Every seat was filled Sept. 9 at Philadelphia’s former St. Peter Claver Church, which is now part of the St. Peter Claver Evangelization Center, for the annual Mass.
Retired Auxiliary Bishop of New Orleans Dominic Carmon was the celebrant.
In his homily Bishop Carmon spoke on the life of St. Peter Claver, the 16th-century Spanish Jesuit who is credited with catechizing and baptizing 300,000 African slaves in Cartegena, Colombia, which was then the world center for the slave trade. He urged the congregation to follow the saint’s example by being evangelizers themselves.
Bishop Carmon is an evangelizer in his own right. Born in Opelousas, La., as a young Society of the spanine Word priest he was a missionary in New Guinea in the 1960s, then served as pastor of two mostly African-American parishes in Chicago, and finally served as Auxiliary Bishop for New Orleans before his 1996 retirement.
The grand old church – which served Philadelphia’s first Black parish, founded in 1886 and closed in 1985 – is still used for evangelization purposes, retreats and special Masses, according to Father Stephen Thorne, director of the archdiocesan Office for Black Catholics.
The historic church has just been newly painted. “It was absolutely wonderful to see it looking so beautiful,” Father Thorne said.
“We recognized religious sisters and brothers – Sisters of the Blessed Sacrament, Sisters, Servants of the Immaculate Heart, Sisters of Mercy, Sisters of St. Joseph, Christian Brothers, Norbertines, Franciscans and others,” Father Thorne said.
“Peter Claver was a Jesuit and there is a nice connection,” Father Thorne said. “Their motto is Ad Majorem Dei Gloriam (For the Greater glory of God)” and everything we do is for God’s glory. It is always about God, not us.”
Blessed Sacrament Sister Roland Lagarde, who lectored for the liturgy, is also from Louisiana. As very young child in New Orleans she met Mother, now St., Katharine Drexel, the foundress of her congregation. The saint was affectionately known in Louisiana’s black community as “Le Bonne Mere” (“The Good Mother”)
Sister Roland’s own mother was an early graduate of what is now Xavier University of Louisiana, but was then a school where young black women were educated then sent out in pairs to establish rural schools for black children in segregated rural Louisiana.

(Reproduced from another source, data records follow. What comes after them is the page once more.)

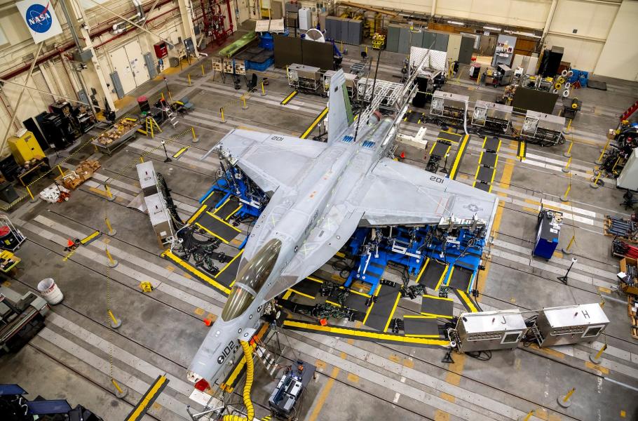Armstrong létal v AFRC na raketoplánech X-15, vypouštěných zpod křídla Boeingu B-52, a později trénoval lunární přistání v zařízení Lunar Landing Research Vehicle (LLRV), přičemž z jednoho se musel kvůli technické závadě katapultovat. Středisko se proslavilo prvními atmosférickými lety raketoplánu Enterprise a jako místo návratu vesmírných letounů z 54 misí – na Floridu je pak přepravoval modifikovaný Boeing 747-SCA. Na snímku stíhací bombardér Boeing F/A-18E/F Super Hornet v jedné z hal AFRC. (foto: Wikimedia Commons, NASA, Joshua Fisher, CC BY 4.0)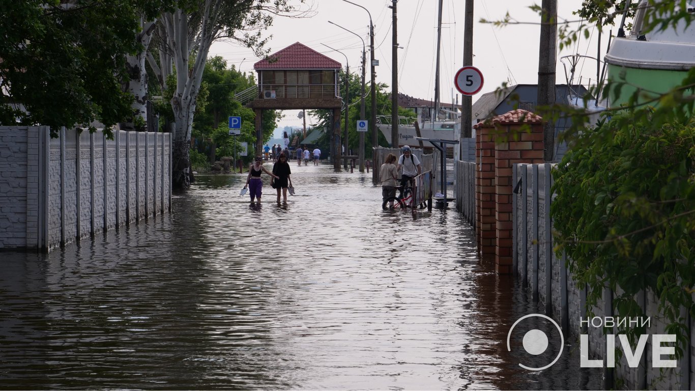 У деяких місцях вода по коліно. Фото: Новини.LIVEЛюди не змінюють свій маршрут під час прогулянки. Фото: Новини.LIVEЗатоплена вулиця в Миколаєві. Фото: Новини.LIVE
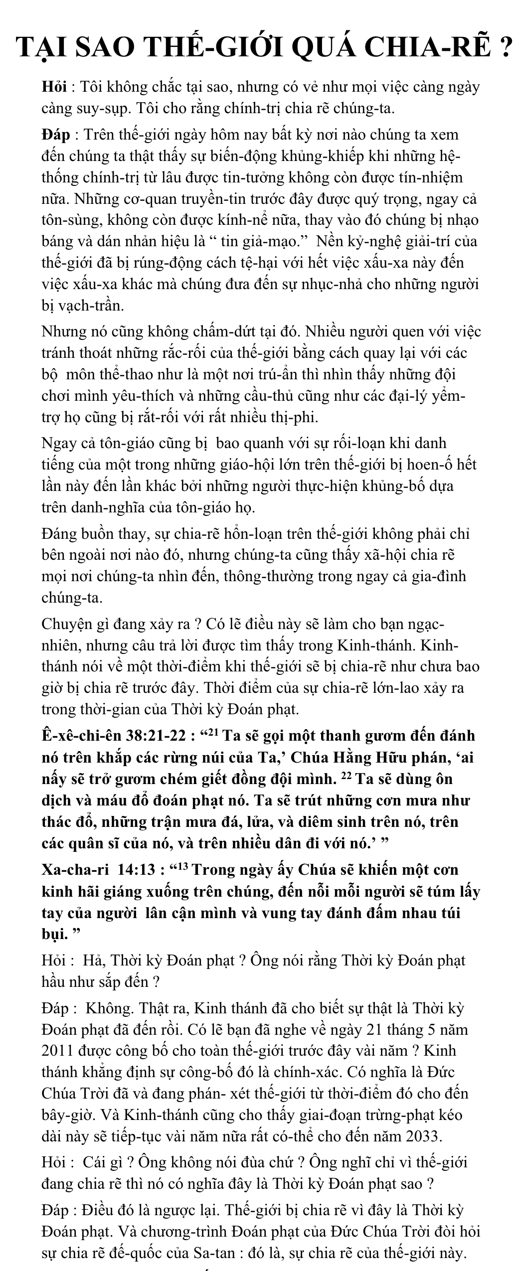Chuyện gì đang xảy ra ? Có lẽ điều này sẽ làm cho bạn ngạc-nhiên, nhưng câu trả lời được tìm thấy trong Kinh-thánh. Kinh-thánh nói về một thời-điểm khi thế-giới sẽ bị chia-rẽ như chưa bao giờ bị chia rẽ trước đây. Thời điểm của sự chia-rẽ lớn-lao xảy ra trong thời-gian của Thời kỳ Đoán phạt.

“The homily was excellent, and Bishop Carmon asked us to do what St. Peter Claver did,” Sister Roland said. “The choir was excellent; the whole Mass was very well organized.”
In addition to the men and women religious and the diocesan priests in African-American ministry in attendance, recognition was also given to the almost entirely African-American Knights of Peter Claver and their women’s auxiliary, also present in large numbers.
Lou Baldwin is a member of St. Leo Parish and a freelance writer.